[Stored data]
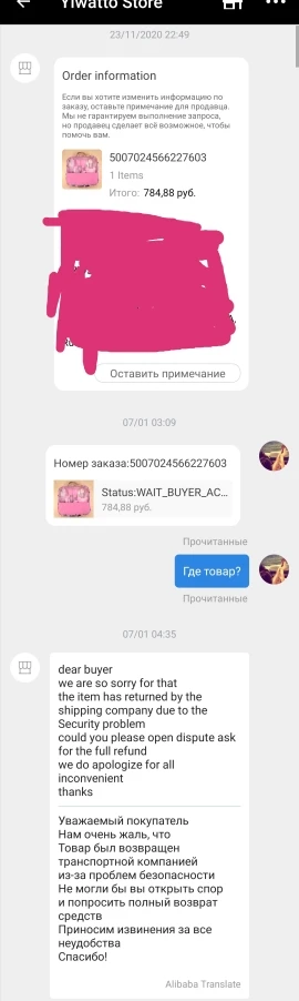 Товар не пришёл. По каким-то причинам доставка была прервана и товар вернулся к продавцу. Продавец вернул деньги.
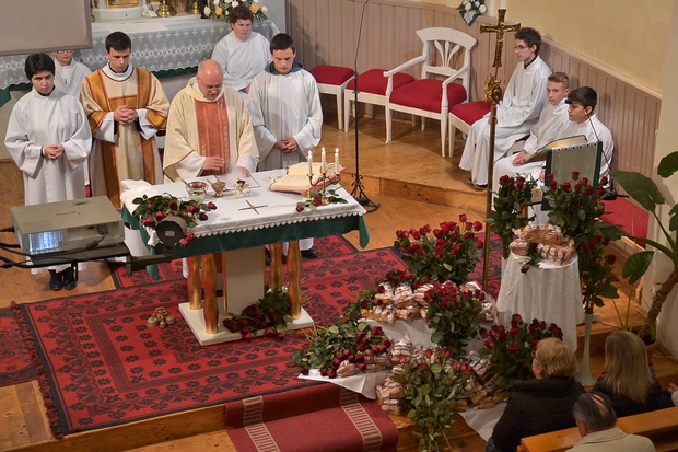 Közösségünk szereti ezt az ünnepet. Tele lesz a templom, s többféle módon tartjuk: van, hogy szentmise keretében, máskor Szent Erzsébet litánia van, vagy a gyermekek-ifjak tanulnak be kis színdarabot, Szent Erzsébet életét felidézve. Ami mindig állandó: rózsával díszítjük az oltárt, majd megáldjuk és kenyeret-kalácsot szentelünk. Az áldás után ingyen elvihető azzal a feltétellel, hogy az elvitt kenyér felét valakinek tovább kell adni. Bizony, többször volt olyan, hogy az előkészített rózsamennyiség (150-180 szál!) nem volt elegendő, gyorsan rózsáért kellett küldeni valakit… Idén 200 szállal készültünk. Nagy örömmel, lelkesedéssel jönnek a hívek, és többszörös visszajelzés szerint e megáldott rózsák tovább virulnak az otthonokban, mint az átlagidő…
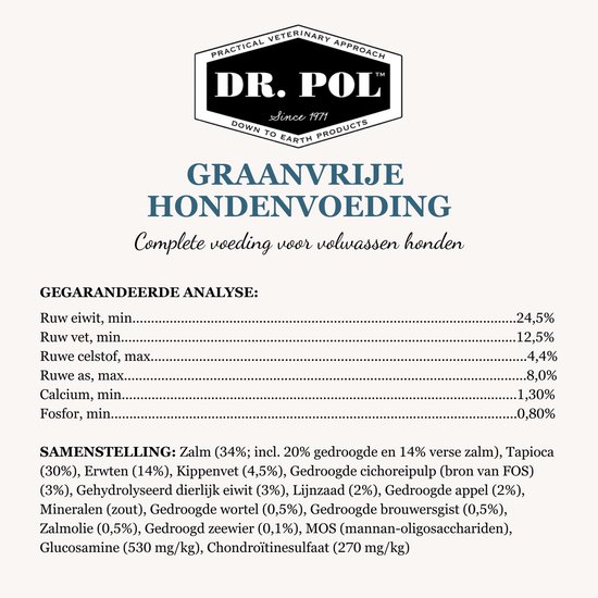 Dr. Pol Adult Zalm kopen? Graanvrij hondenvoer met zalm, prebiotica en omega-3. Zonder kunstmatige toevoegingen. Verkrijgbaar bij Chewies Dierenwinkel!
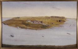 Following his enrollment in Harrisburg, Dauphin County, Samuel S. Auchmuty was officially mustered in on 6 December 1846 as a Private with Company G of the 2nd Pennsylvania Infantry. Beginning on 9 January 1847, members of the 2nd Pennsylvania boarded ships in Pittsburgh, and were transported down the Ohio River to New Orleans, Louisiana, where they disembarked and took up residence at Camp Jackson. On 29 January, they climbed back aboard ship, departed from New Orleans through the Gulf of Mexico, and headed for the Isle of Lobos, where they dropped anchor on 13 February. According to Hackenburg, “The men disembarked and cleared camp areas, but one shipload of troops—three companies of the 2nd Pennsylvania Regiment—was quarantined aboard ship due to illness among the troops.”
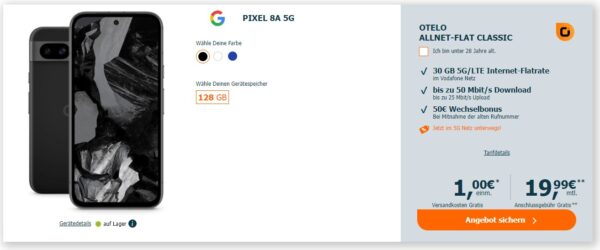 Google Pixel 8A 5G + 30GB LTE/5G + Alles-Flat im VF-Netz für 19,99€/Monat – eff. 0,20€/Monat + 50€ Bonus
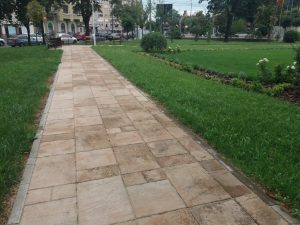Termenul inițial de finalizare a fost hotărât la un an. A trecut anul, și nu se dădea nici un semn că cineva s-ar grăbi să finalizeze ceva. E drept că au mai apărut ba câte un muncitor cu o lopată, ba câte un escavator ce mai scurma molozul rezultat din decopertatrea vechilor alei. S-a muncit cu un entuziasm sublim, cam odată la săptămână se mai mișca câte o piatră pe șantier. Colac peste pupăză, a mai venit în septembrie 2017, celebra furtună ce a devastat întreg orașul. Ce pretext mai bun de a tergiversa lucrările și de amâna totul până la primăvară. Așa, târâș-grăpiș, a mai trecut o primăvară, apoi o vară caniculară din cauza căreia nu s-a făcut mai nimic.
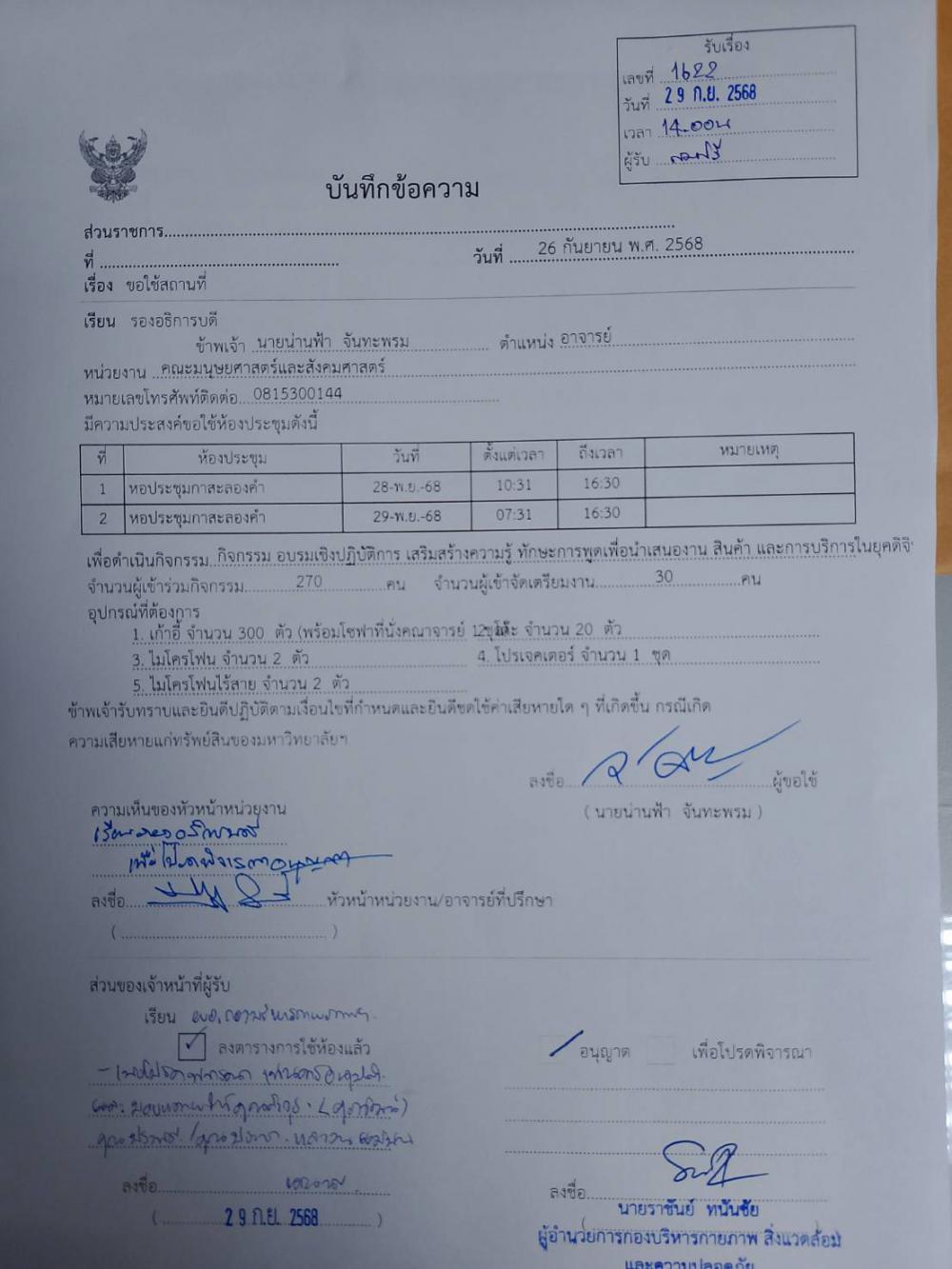 ประเภทงาน: จัดสถานที่ ผู้ประสาน: อ.น่านฟ้า 0815300144 รับแจ้ง: 11 กันยายน 2568
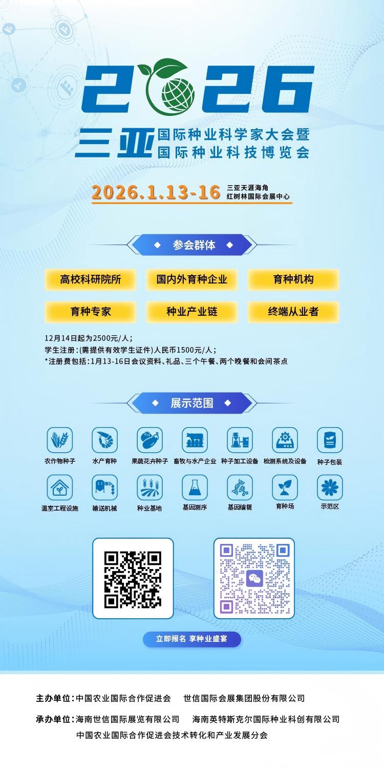 近年来,我国在全力推进种业振兴行动的过程中,把生物技术育种放在了战略核心位置,为农业从“追求数量增长”转向“注重质量提升、绿色高效、优质安全”的可持续健康发展,提供了稳固的技术支持和品种保障。为进一步促进我国生物技术育种的交流和学科发展,经研究,生物育种技术论坛将于2026年1月14日下午在三亚天涯海角红树林国际会展中心与2026三亚·国际种业科学家大会同期举办。现诚挚邀请各级政府领导、中外科学家、企业领袖、行业精英与来自近30个国家的种业科学家汇聚三亚,共商水产种业科技与产业发展大计。具体事项通知如下:
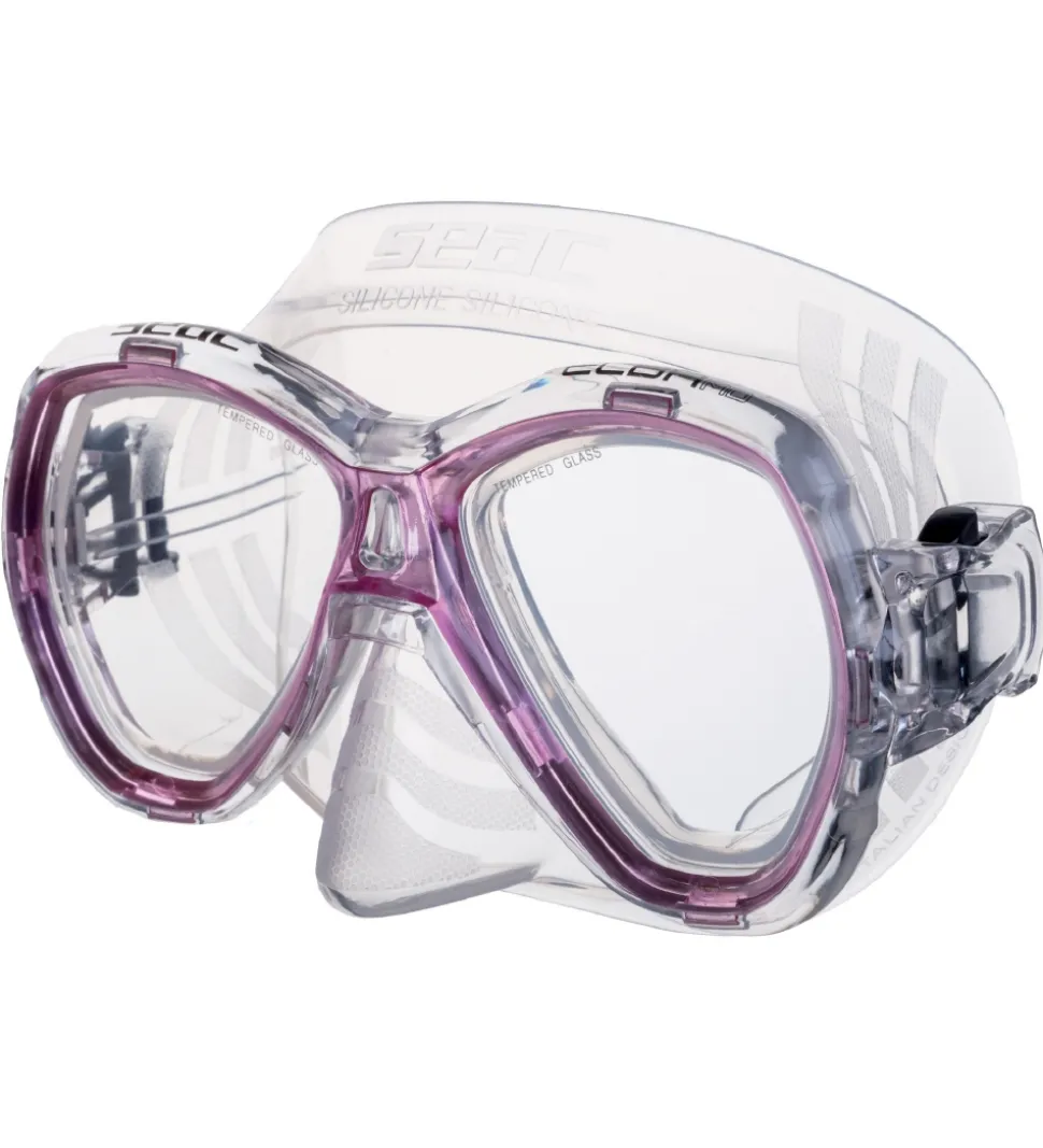 Fin Seac dykkermaske i transparent med en rosa kant langs glasset.

Your objective -> Repeat every entry above exactly; images stay out of the copy.

Answer to this problem ->
 Товар не пришёл. По каким-то причинам доставка была прервана и товар вернулся к продавцу. Продавец вернул деньги.
 Közösségünk szereti ezt az ünnepet. Tele lesz a templom, s többféle módon tartjuk: van, hogy szentmise keretében, máskor Szent Erzsébet litánia van, vagy a gyermekek-ifjak tanulnak be kis színdarabot, Szent Erzsébet életét felidézve. Ami mindig állandó: rózsával díszítjük az oltárt, majd megáldjuk és kenyeret-kalácsot szentelünk. Az áldás után ingyen elvihető azzal a feltétellel, hogy az elvitt kenyér felét valakinek tovább kell adni. Bizony, többször volt olyan, hogy az előkészített rózsamennyiség (150-180 szál!) nem volt elegendő, gyorsan rózsáért kellett küldeni valakit… Idén 200 szállal készültünk. Nagy örömmel, lelkesedéssel jönnek a hívek, és többszörös visszajelzés szerint e megáldott rózsák tovább virulnak az otthonokban, mint az átlagidő…
 Dr. Pol Adult Zalm kopen? Graanvrij hondenvoer met zalm, prebiotica en omega-3. Zonder kunstmatige toevoegingen. Verkrijgbaar bij Chewies Dierenwinkel!
 Following his enrollment in Harrisburg, Dauphin County, Samuel S. Auchmuty was officially mustered in on 6 December 1846 as a Private with Company G of the 2nd Pennsylvania Infantry. Beginning on 9 January 1847, members of the 2nd Pennsylvania boarded ships in Pittsburgh, and were transported down the Ohio River to New Orleans, Louisiana, where they disembarked and took up residence at Camp Jackson. On 29 January, they climbed back aboard ship, departed from New Orleans through the Gulf of Mexico, and headed for the Isle of Lobos, where they dropped anchor on 13 February. According to Hackenburg, “The men disembarked and cleared camp areas, but one shipload of troops—three companies of the 2nd Pennsylvania Regiment—was quarantined aboard ship due to illness among the troops.”
 Google Pixel 8A 5G + 30GB LTE/5G + Alles-Flat im VF-Netz für 19,99€/Monat – eff. 0,20€/Monat + 50€ Bonus
Termenul inițial de finalizare a fost hotărât la un an. A trecut anul, și nu se dădea nici un semn că cineva s-ar grăbi să finalizeze ceva. E drept că au mai apărut ba câte un muncitor cu o lopată, ba câte un escavator ce mai scurma molozul rezultat din decopertatrea vechilor alei. S-a muncit cu un entuziasm sublim, cam odată la săptămână se mai mișca câte o piatră pe șantier. Colac peste pupăză, a mai venit în septembrie 2017, celebra furtună ce a devastat întreg orașul. Ce pretext mai bun de a tergiversa lucrările și de amâna totul până la primăvară. Așa, târâș-grăpiș, a mai trecut o primăvară, apoi o vară caniculară din cauza căreia nu s-a făcut mai nimic.
 ประเภทงาน: จัดสถานที่ ผู้ประสาน: อ.น่านฟ้า 0815300144 รับแจ้ง: 11 กันยายน 2568
 近年来,我国在全力推进种业振兴行动的过程中,把生物技术育种放在了战略核心位置,为农业从“追求数量增长”转向“注重质量提升、绿色高效、优质安全”的可持续健康发展,提供了稳固的技术支持和品种保障。为进一步促进我国生物技术育种的交流和学科发展,经研究,生物育种技术论坛将于2026年1月14日下午在三亚天涯海角红树林国际会展中心与2026三亚·国际种业科学家大会同期举办。现诚挚邀请各级政府领导、中外科学家、企业领袖、行业精英与来自近30个国家的种业科学家汇聚三亚,共商水产种业科技与产业发展大计。具体事项通知如下:
 Fin Seac dykkermaske i transparent med en rosa kant langs glasset.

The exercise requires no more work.